Abwasserrohre führen nich zu einer starken Belastung

Ein weiterer häufiger Vorwurf ist, dass undichte Abwasserrohre zu einer Belastung des Grundwassers führen. Aber auch diese Behauptung stimmt nicht mit unseren Messwerten überein. In dem Fall müsste das Grundwasser in einer Stadt stark belastet sein. Städte haben jedoch in der Regel besonders wenig Nitrat im Untergrund.

Regelmäßige Kontrollen in den Kläranlagen

Bereits durch unsere Messergebnisse ist klar: Kläranlagen können nicht für die Nitratsituation in Deutschland verantwortlich sein. Dies wird noch deutlicher, wenn man sich die Bestimmungen zu Kontrollen bei den Kläranlagen ansieht. Kläranlagen müssen mehrmals jährlich ihre Wasserwerte kontrollieren. In manchen Bundesländern sind dafür externe Labor vorgeschrieben. In anderen kommen regelmäßige staatliche Kontrollen dazu, in Bayern beispielweise alle zwei Jahre. Im Gegensatz dazu wird in der Landwirtschaft oft noch auf Selbstkontrollen gesetzt. Staatliche Kontrollen sind wesentlich seltener.

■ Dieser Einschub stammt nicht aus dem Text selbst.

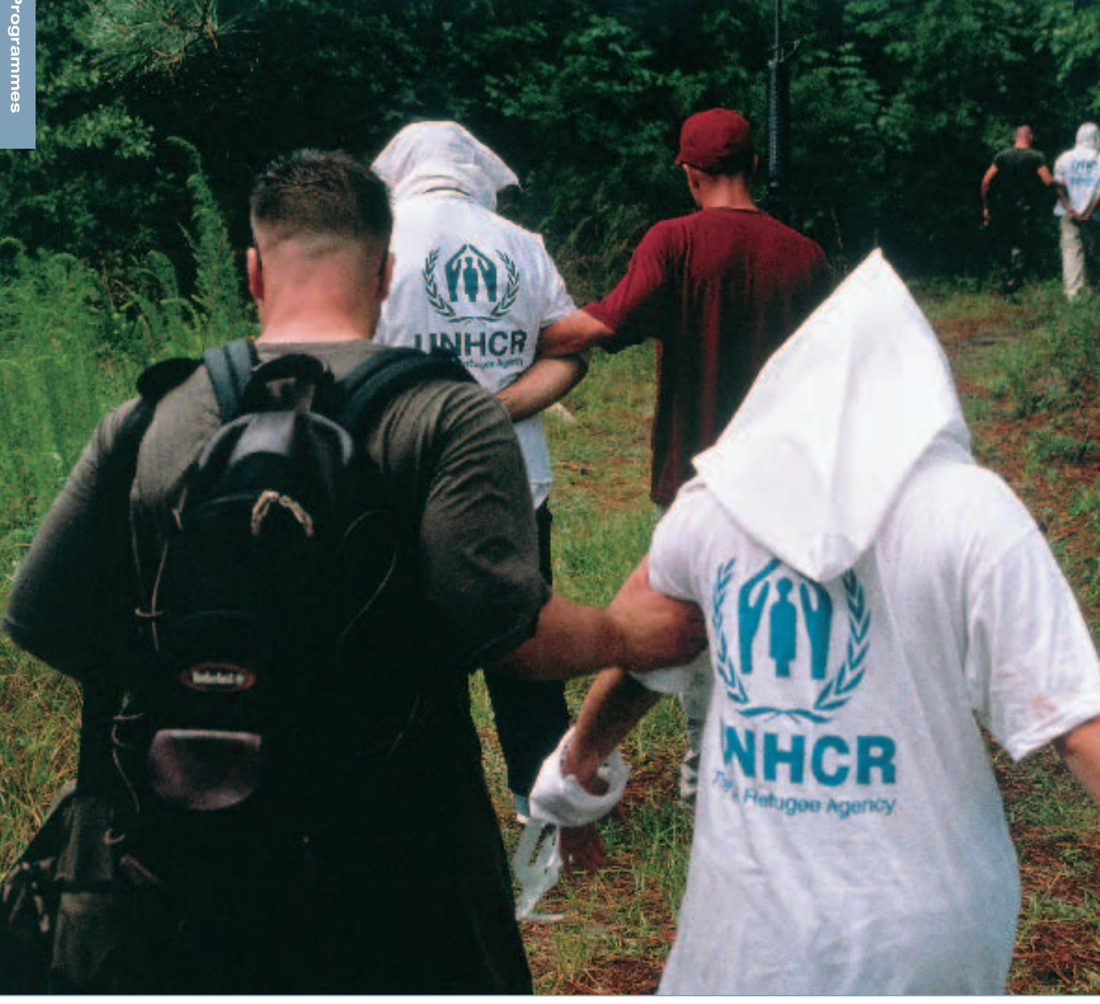
USA: Workshop on Emergency Management (WEM) / Training in Marine Corps Base Camp Lejeune in North Carolina.

to enhance UNHCR's performance in this sphere. Ongoing large-scale operations, as well as new emergency situations, drew significantly on internal and external emergency stand-by resources. In 2002, UNHCR and stand-by partners deployed 118 persons to 21 countries on an emergency basis (Afghanistan, Angola, Cambodia, Cameroon, the Democratic Republic of the Congo, Côte d'Ivoire, Ethiopia, Eritrea, Guinea, Indonesia, the Islamic Republic of Iran, Jordan, Kenya, Liberia, Malaysia, Nepal,
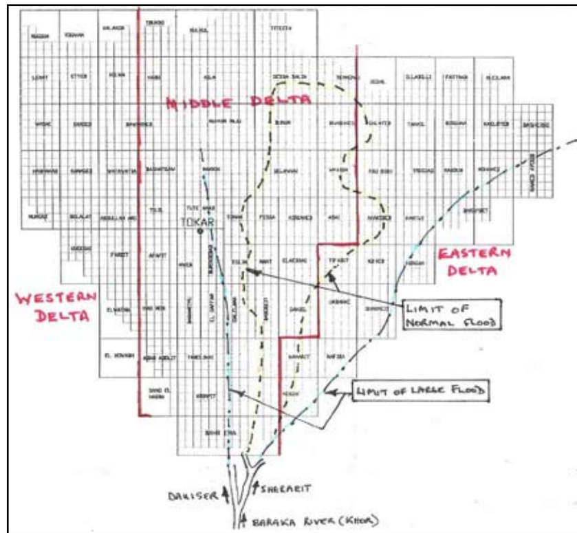
Figure 19 Topography of Tokar Delta.

flow. A main feature in Tokar is the Tomosay diversion bund and the Tomosay Embankment, which begins on the left (western) bank of the Baraka river and extends for about 50 km along the Western limit of the scheme and then turns eastward to provide a limit on the North side and restrict outflows to the sea. There are also guide banks on the Eastern Side of the irrigated area. The embankment has been built to act as a guide to flood flows to contain them within the Middle Delta, the most suitable land for irrigation, and to limit the spread of the annual floods to the better lands and thereby ensure that adequate depths of irrigation are provided within the irrigated
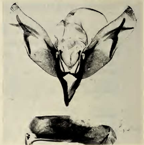
Fig. 2. Male genitalia of Dichagyris imperator (A. BANG-HAAS, 1912) Marocco mer. Tinerkir, 1350 m., 6.-8.V. 1973 leg. BENDER, coll. Zool. Staatssamml. München. Prep. HACKER N. 2087.
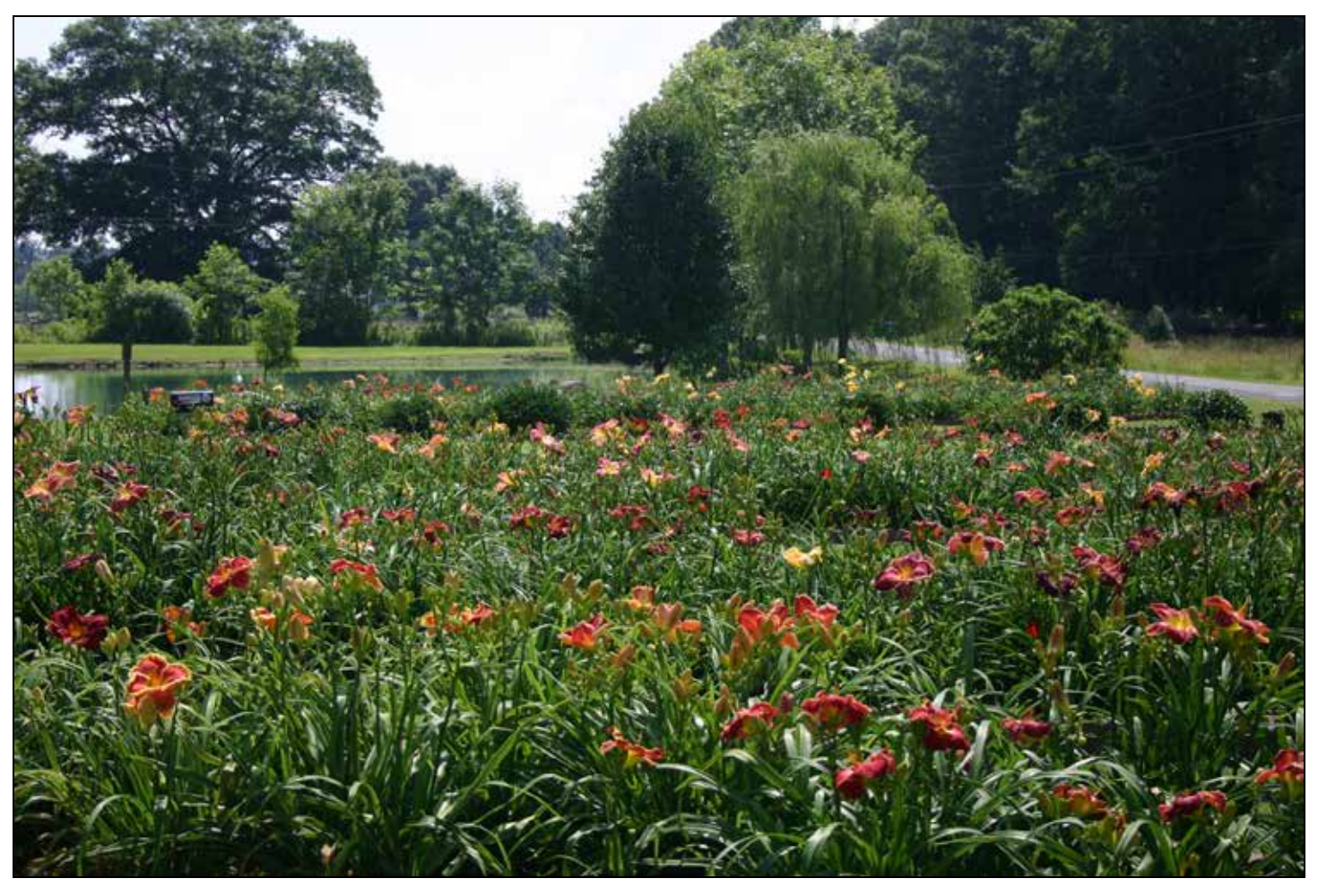
The Brazelton Garden offered a fantastic display of daylilies, including hundreds of seedlings grown in a beautifully landscaped setting. Above, a small portion of Jim's red seedlings showed to advantage.

Somit kann kaum behauptet werden, dass die Kläranlagen nicht bereits Auflagen zur Eindämmung der Nitratbelastung haben. Aber es ist nun einmal deutlich, dass die Emissionen der intensiven Landwirtschaft ein viel größeres Problem darstellen, als die der Kläranlagen. Es muss weiter daran gearbeitet werden, die Emissionen durch die Landwirtschaft einzudämmen, statt auf andere mögliche Verursacher zu verweisen.